Barrett Hamilton drew the best out of Wilson and thought him a genius. Others were equally impressed by his mammal paintings. The publishers Oliver and Boyd showed a sketch of a Stoat to Eagle Clarke and Grimshaw and were told that Millais couldn’t do anything as good. Wilson was astonished: “… this is of course humbug but they took it in and congratulated me most heartily, so I have something to live up to now.” Others were particularly impressed by the work that he produced in a blue and grey wash for the black and white illustrations in the mammal book. The plates were designed to meet the publication requirements of the day; indeed, Wilson often produced several versions of the same plate for the client to choose from in order to satisfy their requirements. Yet, widely acclaimed as they were, his illustrations were ahead of the technical possibilities of his time. Barrett Hamilton was to regret that publication had diminished the colours of his images. In comparison, Wilson’s original preparatory work is as fresh and alive as if it had been drawn yesterday. Had he been able to advance beyond both the technical and the aesthetic restrictions with which he had to work, he might have left a somewhat different illustrative legacy.
Nevertheless, published in parts from 1910-1921, A History of British Mammals by Barrett Hamilton and illustrated by Edward Wilson became a classic work on the British mammals. It is still sought after and was republished as recently as 1978. This is perhaps especially surprising since it was never completed and so many of Wilson’s plates were never used.
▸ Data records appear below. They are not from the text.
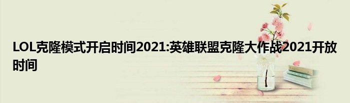 LOL克隆模式今天就要正式开启啦!克隆大作战作为英雄联盟备受欢迎的玩法,每次要开放的时候都有众多玩家期盼着它的到来。克隆模式具体什么时候出?开放到几月几号呢?这就来了解下吧。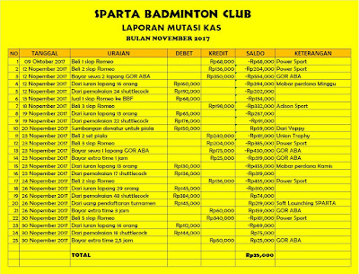 Sparta Badminton Club Laporan Kas Dan Persediaan Shuttlecock Sparta Bulan November 2017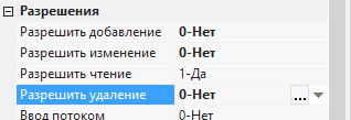 7.3.2.11. в полях Разрешить добавление, Разрешить изменение, Разрешить удаление выбрать значение 0-Нет;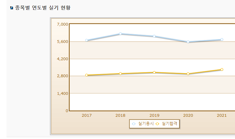 실기시험 연도별 합격률이며, 2021년 기준 실기 응시자는 5,749명으로 그 중 합격자는 3,320명입니다.
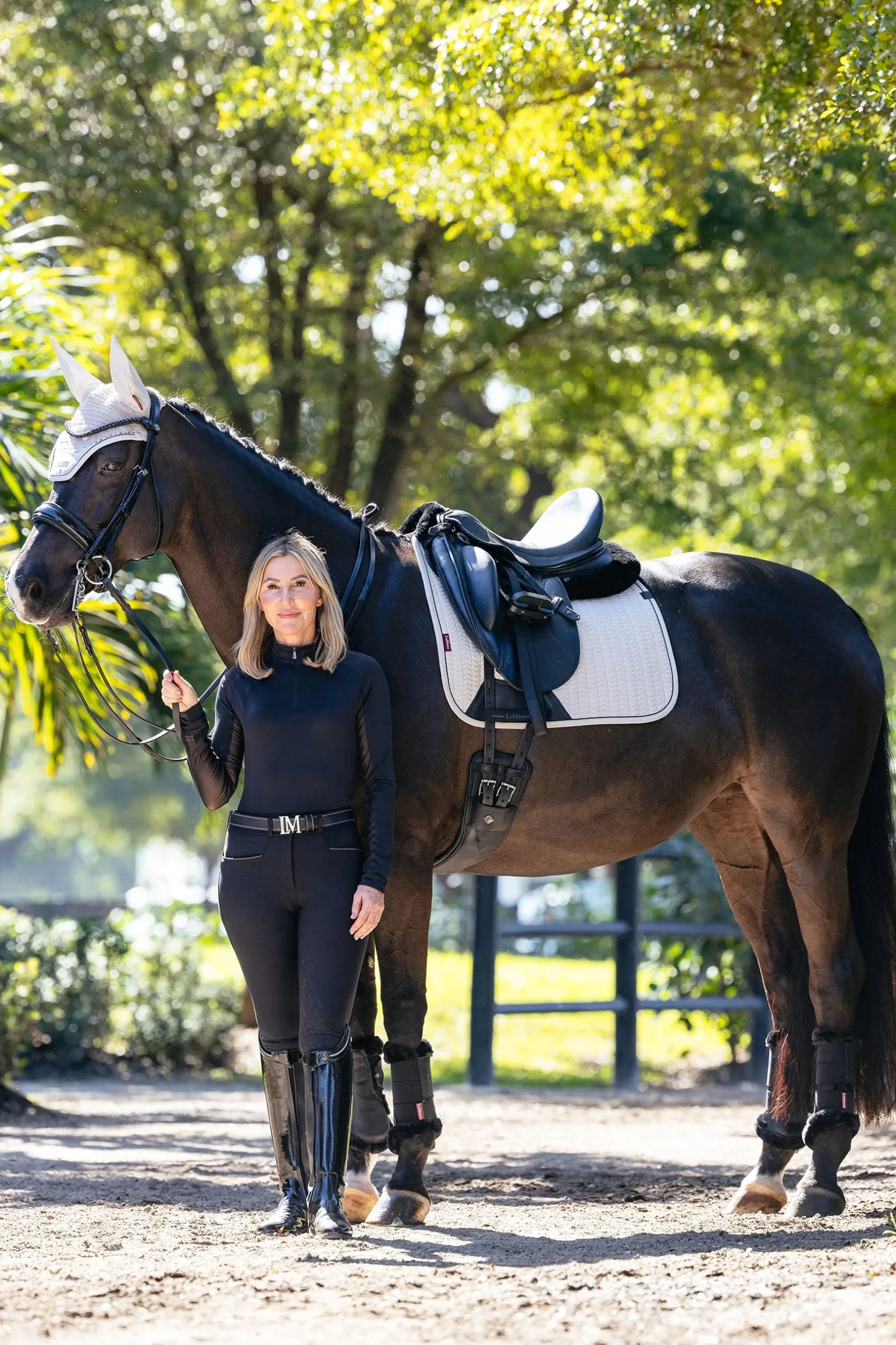 Entwickelt für anspruchsvolle Reiter mit technischer Performance, die jeder genießen kann. Das weiche Softshell-Material der Essence-Kollektion strahlt Eleganz aus. Die konturierte, gesteppte Softshell-Oberseite wurde präzise geformt, um sich perfekt an die Körperlinien deines Pferdes anzupassen, ohne zu Falten. Das weiche, atmungsaktive Innenfutter enthält kühlende Fasern. Je wärmer dein Pferd wird, desto intensiver arbeitet das feuchtigkeitsaktivierte Kühlsystem unter dem Sattel. In Kombination mit einem durchgehenden 3D-Carbon-Mesh-Rücken für maximale Luftzirkulation ist dies eine Schabracke, die speziell für leistungsstarke Pferde entwickelt wurde. Die hohe Widerristform reduziert den Druck und verbessert die Passform des Sattels. Der sportliche, matt strukturierte Kunstleder-Bereich zum Schutz des Gurtes wird durch ein geprägtes Logo ergänzt.
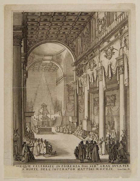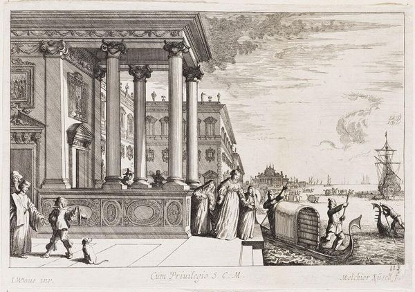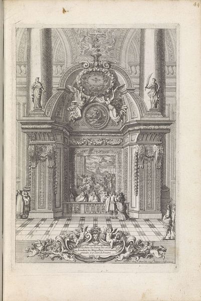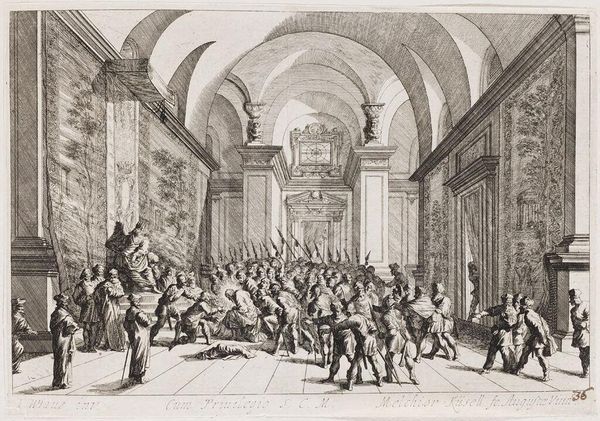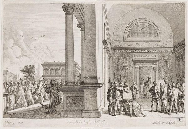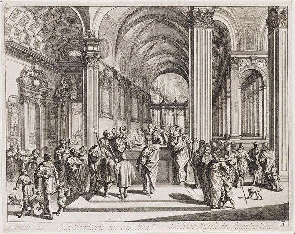 Curator: Melchior Küsel's print, "Last Supper and Washing of Christ's Feet," presents two biblical scenes within an elaborate interior setting. The dimensions of the sheet are 14.7 by 20.4 centimeters. Editor: Immediately, the weight and detail of the architecture command attention, dwarfing the figures and suggesting a grand stage for these acts of humility and betrayal. Curator: The architecture, with its imposing columns and sculpted figures, speaks to the power structures inherent in religious institutions of the time. The printmaking process itself involved skilled labor and a distribution network reflecting a complex social context. Editor: Absolutely. The visual contrast between the rigid, formal setting and the intimate, emotional narratives of the Last Supper and foot-washing creates a powerful tension. One cannot miss the subtle symbolism of piety. Curator: The etching process allowed for the relatively mass production of this image; hence it could be distributed widely. The materials involved, the copperplate and the ink, speak to the accessibility of religious imagery. Editor: These carefully chosen and placed symbols and scenes offered viewers a way to meditate on faith and human connection within a divine framework. It almost asks us to consider whether we can see them now in the same way. Curator: Indeed, the accessibility allowed for personal interpretation. Editor: A compelling piece, really.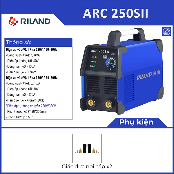 + Máy Hàn Riland ARC 250SII sử dụng được 2 loại điện áp 220V/380V.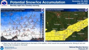 We officially have our first real chance for wintry precipitation to start the work week out, as the National Weather Service in Paducah is watching a weather system that could bring a mix of wintry weather to our area. That’s according to Meteorologist Justin Gibbs, who says they have their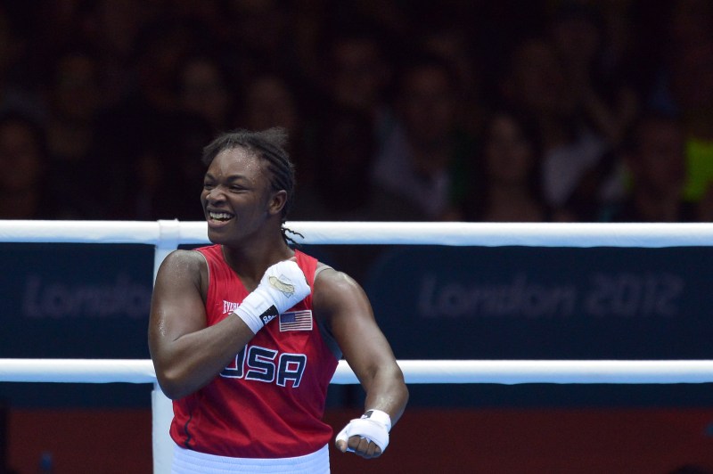 Claressa Shields of the USA celebrates defeating Nadezda Torlopova of Russia to win gold during the women’s boxing Middleweight final of the 2012 London Olympic Games at the ExCel Arena August 9, 2012, in London. (ALBERTO PIZZOLI/AFP/GettyImages)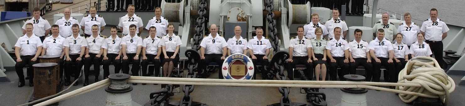 (16) Williamson, Robert, AB. ET (from Spanish, ON) (15) Todd, Rod, AB.HT (from Burnaby, BC) (22) Gowenlock, Frank, CPO (79) Crocker, Albert W., P2BN (102) Mundon, Carl, LS.ET (from Cambelford, ON)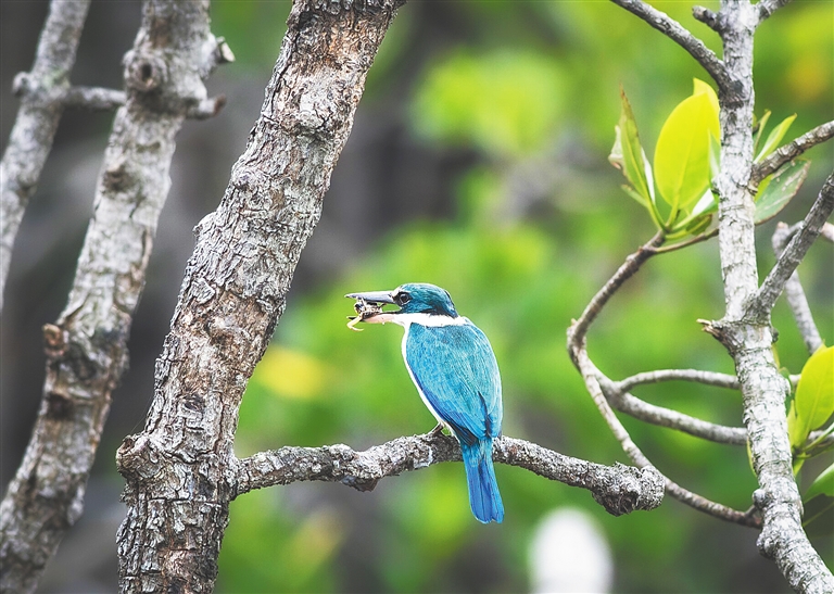 “快看,它抓住一只小螃蟹了。”2025年12月17日,在海口北港岛红树林边的防潮大堤上,来自山东的韩懿一边按动着快门,一边招呼同行伙伴赶紧移动机位。去年9月底,迷鸟白领翡翠飞抵北港岛,原本以为休整几天就会消失,不承想它至今还未有离去的想法。这只不想离开的白领翡翠,不到三个月的时间,已为北港岛带来数千名观鸟爱好者,他们来自四面八方,有来自北京、天津的,也有来自四川、云南、山东等地的。
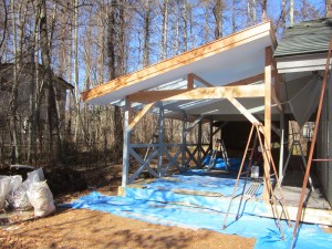 デッキの半分までしか屋根がなく、デッキが痛み、デッキ全体に屋根を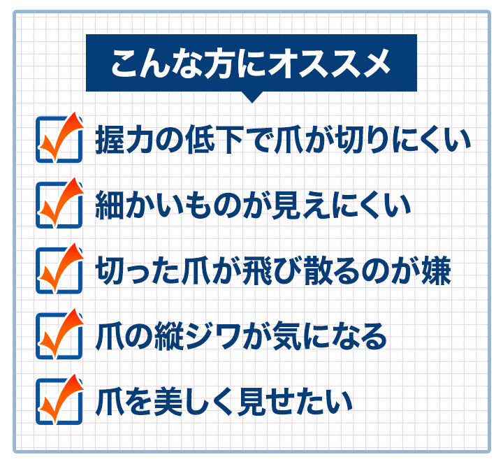 | 仕様 | ・「チャイルドロック」形式 ※ご使用の際は「爪切スイッチ」と「爪磨きスイッチ」を同時に長押ししてください。 ・自動ストップ、自動電源OFF機能 |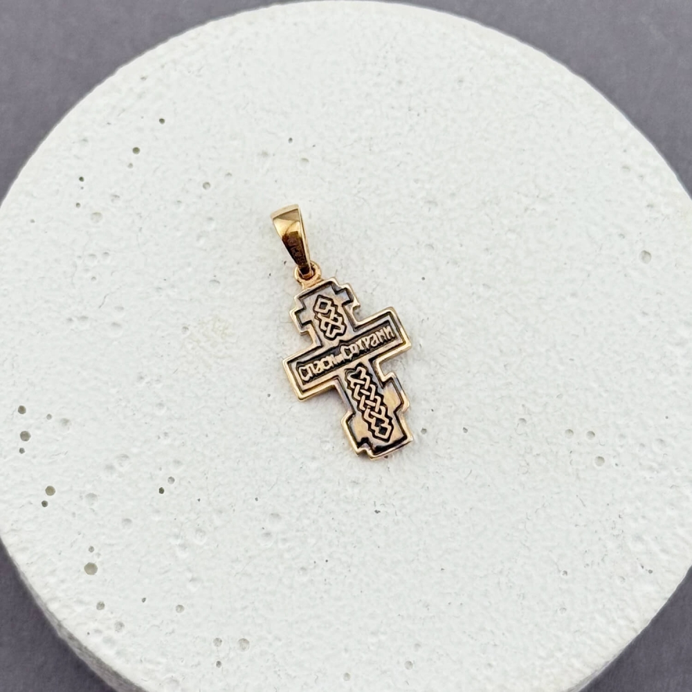 Золотой крестик с чернением и распятием. Артикул: 001081.

In particular Volume III on the marine mammals was never produced. The first part was issued in October 1910, shortly after Wilson had sailed South aboard Terra Nova but he never saw the finished work. Nor was he to have the opportunity to re-paint the cetacea. Having sent a batch of illustrations back from South Africa, he didn’t return from the frozen South. Shortly afterwards, Barrett Hamilton also died in the Antarctic: he had a heart attack in January 1914 upon the island of South Georgia. He was studying the whales.